The Pentagon has to convince Congress that “we have … a viable pathway” to the 2030s, she said. Failing to win that trust and confidence “is what keeps sliding us back.” 

To get there, Hicks sees “pathway finders,” technology and operational experiments, and protypes to prove the case, she said. Heavy investment in software is needed to tie concepts such as joint all-domain command and control to “actual capabilities that can be fielded.” 

“I think that’s where we have to make a lot of progress,” she said. Congress must grant the Pentagon new authorities to accelerate devleopment and, perhaps, to bypass traditional impediments to introducing equipment; slowdowns eat up time and resources the nation cannot spare to counter the growing threat from Beijing.  

But Congress must work with the administration to avoid adding topline spending earmarked for “new programs that we can’t support and can’t afford in the out-years, and that doesn’t cover inflation,” Hicks said. “That is my No. 1 concern.” 

In an April meeting with defense writers, Hicks said one of her biggest worries is that Congress has too little patience with the Pentagon when it comes to testing new systems. New technologies are fraught with risk, she said, asking that Capitol Hill allow the Pentagon leeway to take more risks.  

The U.S. “used to be first in class” in its willingness to “test, learn a little, test, fail, learn some more,” she said. But today she sees “real resistance” to that on Capitol Hill, where lawmakers seem uncomfortable with “concurrency” and “technically risky approaches.”  
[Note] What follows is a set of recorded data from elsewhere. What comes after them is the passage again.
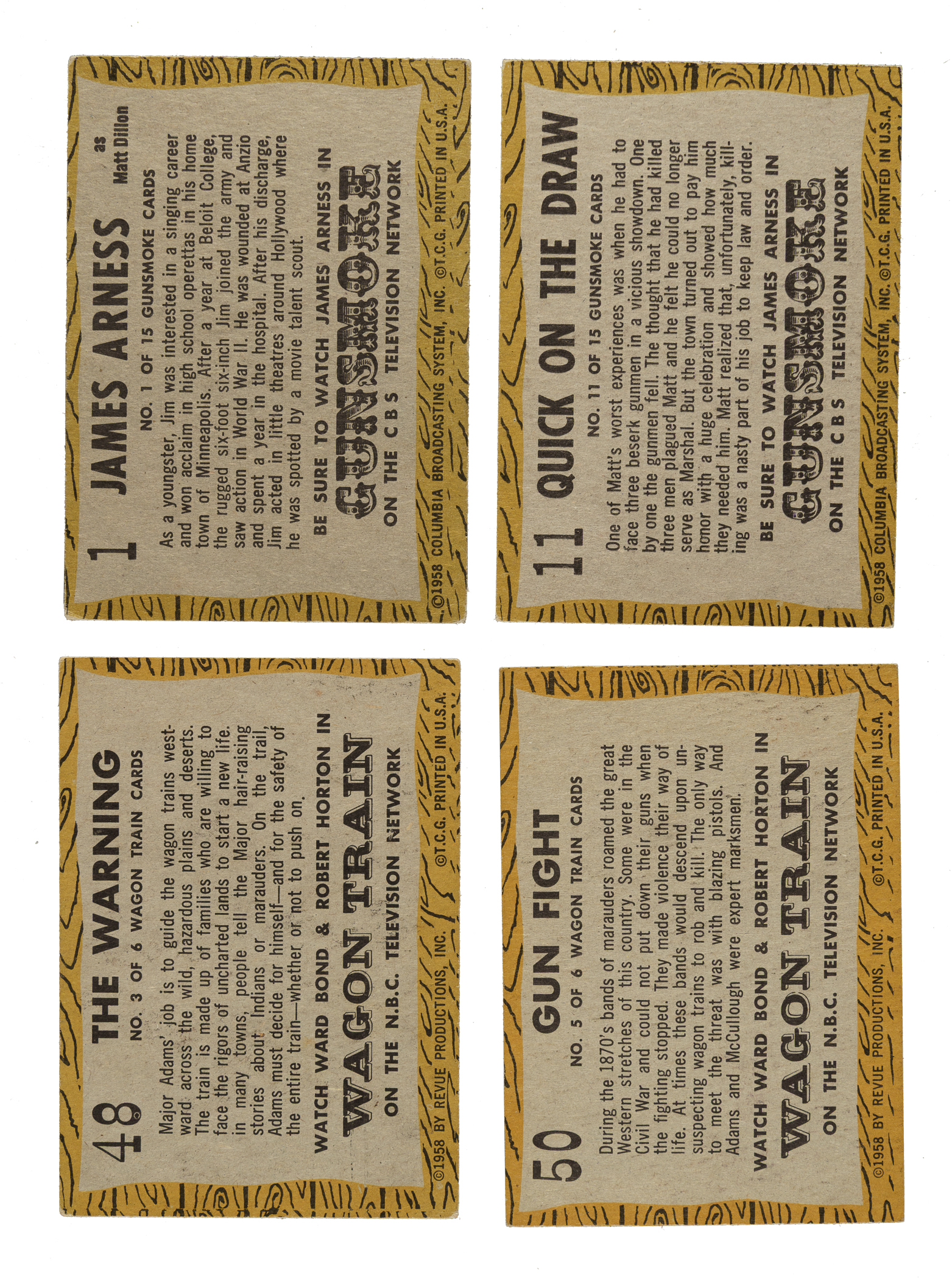 Complete 71-card set of 1958 Topps "TV Westerns" trading cards. Condition is 28% Ex to Ex-Mt and 72% Vg to Vg-Ex (including a few lesser). Total: 71 cards. The size/weight of this item requires that there will be an additional shipping charge for this lot.
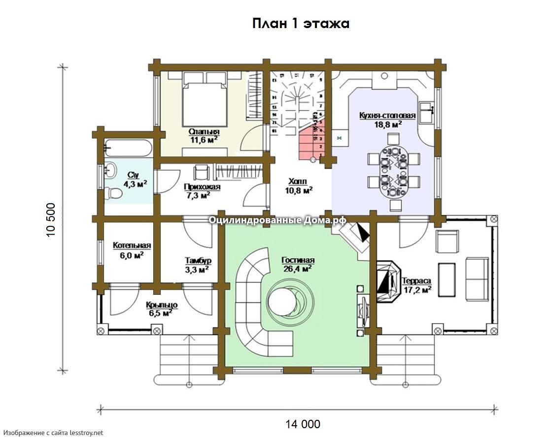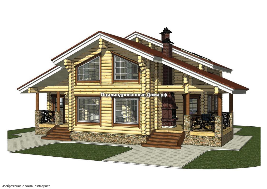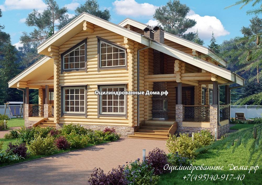 Проект двухэтажного дома Коттедж из оцилиндрованного бревна ОСТАШКОВ - 185м2 (10мХ13м)
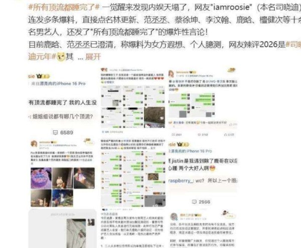 网红司晓迪这次的言论真是引发了巨大的轰动。2026年元旦刚过,她就在社交平台上发布消息,表示自己已经30岁了,且已睡遍所有顶流,称自己的人生没有遗憾了。为了证明这些话,她还晒出了各种聊天记录、合照和录音,其中涉及了10多位顶级流量明星。这件事迅速引起了广泛关注,我们来一起聊聊发生了什么。
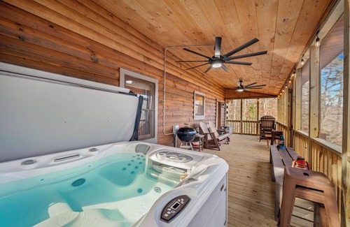 The new screened-in back porch is a true highlight of the cabin, offering spectacular views of a beautiful river valley overlooking Little River. This serene space is perfect for enjoying morning coffee, reading a good book, or winding down in the evening while listening to the soothing sounds of rushing water below, sitting in a new Sundance therapy Hottub secluded and totally private on the screened back porch.
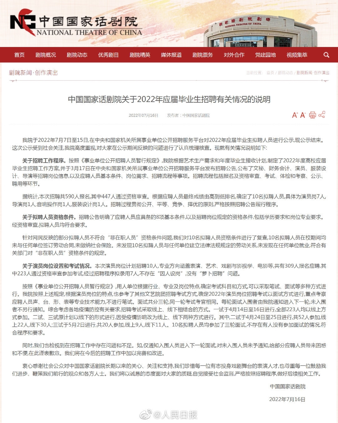 中国国家话剧院发布关于2022年应届毕业生招聘有关情况的说明:我院于2022年7月7日至15日,在中央和国家机关所属事业单位公开招聘服务平台对2022年应届毕业生拟聘人员进行公示,现公示结束。这次公示受到社会关注,我院高度重视,对大家在公示期间反映的问题进行了认真梳理核查。现就有关情况说明如下:
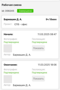 Пройдите сканирование лица и геолокации по аналогии с началом смены |
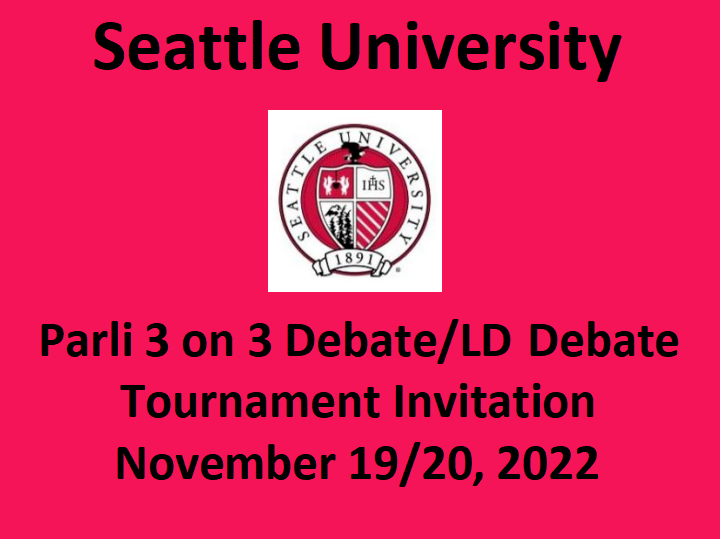 “We welcome you to a speech and debate tournament hosted by Seattle University featuring 4 rounds of debate and 3 rounds of speech”
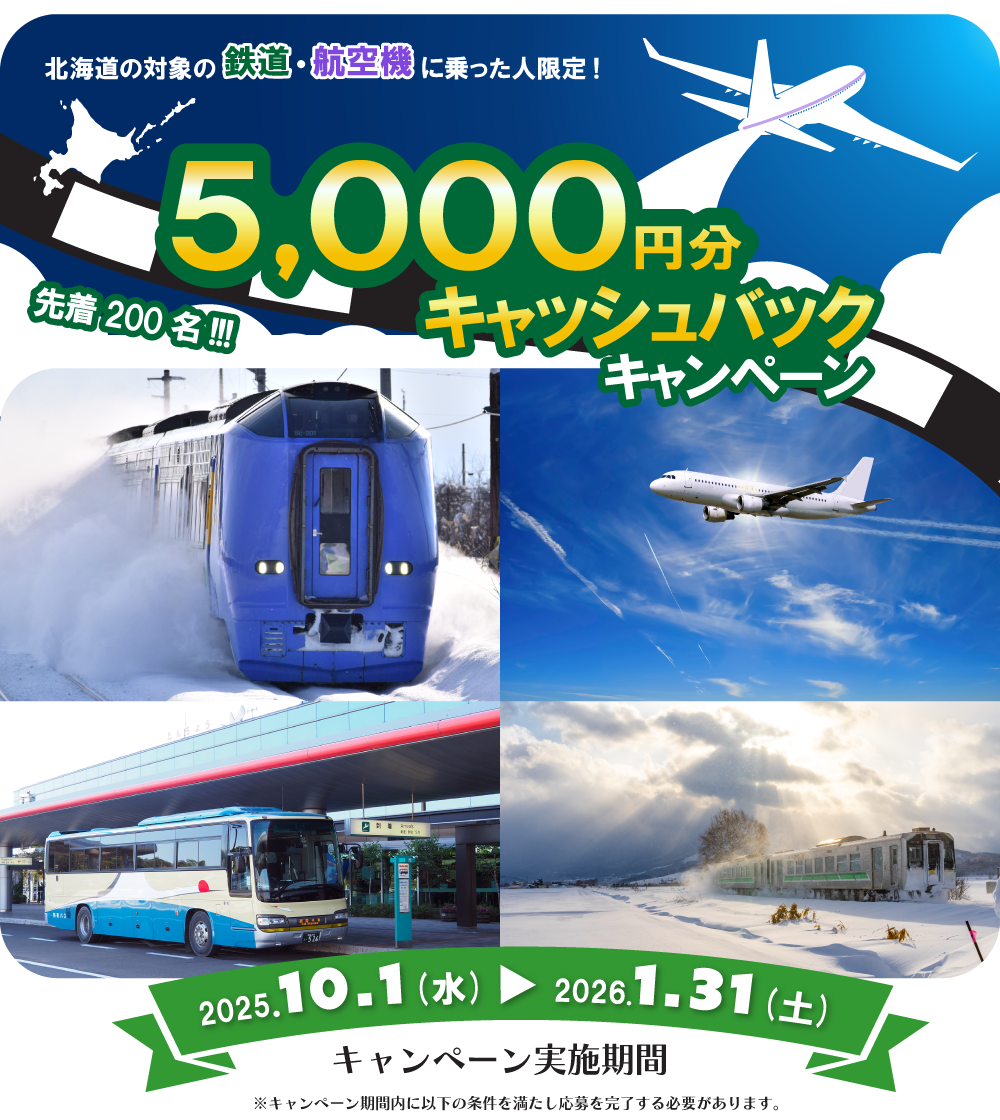 - 内容:期間中に以下の3つの条件を満たした道外在住旅行者を対象として、先着200名にQUOカードPay5,000円分のキャッシュバックを実施します。

She said, “We have to be willing to fail.” 

Hicks acknowledges the Pentagon has been preoccupied with helping Ukraine resist Russia’s invasion, but said DOD has to be able to “walk and chew gum and the same time.”  

That conflict offers “clear takeaways” for Taiwan, underscoring that the U.S. can help Taiwan now by providing equipment and advice so the island can better defend itself.

 

Lessons for Taiwan

Ukraine has also shown that the “will to fight and demonstrated capability to fight” are powerful force multipliers. Taiwan, she said, should “make sure they are investing in themselves in the self-defense that they need to have.” 
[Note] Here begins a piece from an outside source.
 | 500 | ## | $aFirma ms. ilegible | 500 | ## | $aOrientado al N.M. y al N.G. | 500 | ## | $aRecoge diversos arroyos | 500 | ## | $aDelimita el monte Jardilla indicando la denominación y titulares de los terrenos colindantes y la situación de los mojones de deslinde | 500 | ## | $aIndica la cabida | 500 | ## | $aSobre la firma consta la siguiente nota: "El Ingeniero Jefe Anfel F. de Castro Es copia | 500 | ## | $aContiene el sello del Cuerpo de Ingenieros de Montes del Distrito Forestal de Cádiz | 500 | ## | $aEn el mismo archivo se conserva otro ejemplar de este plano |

Finally, the international outrage over Russia’s invasion and the largely united response has shown that western economies have a “huge throw-weight” in nonkinetic, economic power. “When they choose to bring that to bear, it can have devastating effect,” Hicks said.  

These are all lessons that China should also be learning, she added: The “big takeaway … on the costs of aggression.” 

The Price of Delay   

The Pentagon provided a classified summary of the NDS to Congress just a few days before presenting it with the fiscal 2023 budget request, which also lacked out-year spending plans. This was the very same “first FYDP” Hicks was talking about.  
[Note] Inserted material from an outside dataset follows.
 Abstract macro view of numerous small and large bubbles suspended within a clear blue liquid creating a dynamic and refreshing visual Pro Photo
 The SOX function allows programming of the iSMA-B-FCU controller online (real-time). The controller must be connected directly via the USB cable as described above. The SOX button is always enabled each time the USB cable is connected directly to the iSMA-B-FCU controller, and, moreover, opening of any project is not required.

Sen. Deb Fischer (R-Neb.), of the Senate Armed Services Committee, voiced frustration over the lack of detail in April: “I think having this hearing without any detailed information about the budget, and when we are unable to openly discuss any of the administration’s strategy documents, directly undermines the committee’s ability to conduct its oversight work.” She said that was “contrary to the spirit of transparent government.”  

Likewise, a long-time defense expert said the Pentagon’s two-page summary “doesn’t provide enough detail to be actionable.” Providing Congress a secret version of the NDS helps some, but the unclassified version “is essential for communicating throughout the government and industry.” 

Only some “members and staff can or will be able to read the classified document,” the expert said. Ultimately, “the lack of an NDS really undercuts the administration’s budget request.”  

But the NDS’s function as a means to communicate the Pentagon’s priorities and objectives to industry is also a lost opportunity and a concerning delay. The NDS is an important way to let the industry know what leadership is thinking. Yet even if the delayed release has diminished the overall value of the NDS as the underlying insight informing the 2023 budget request, its release sooner rather than later can still make a difference, the long-term budget watcher said: “It’s late—but not too late.”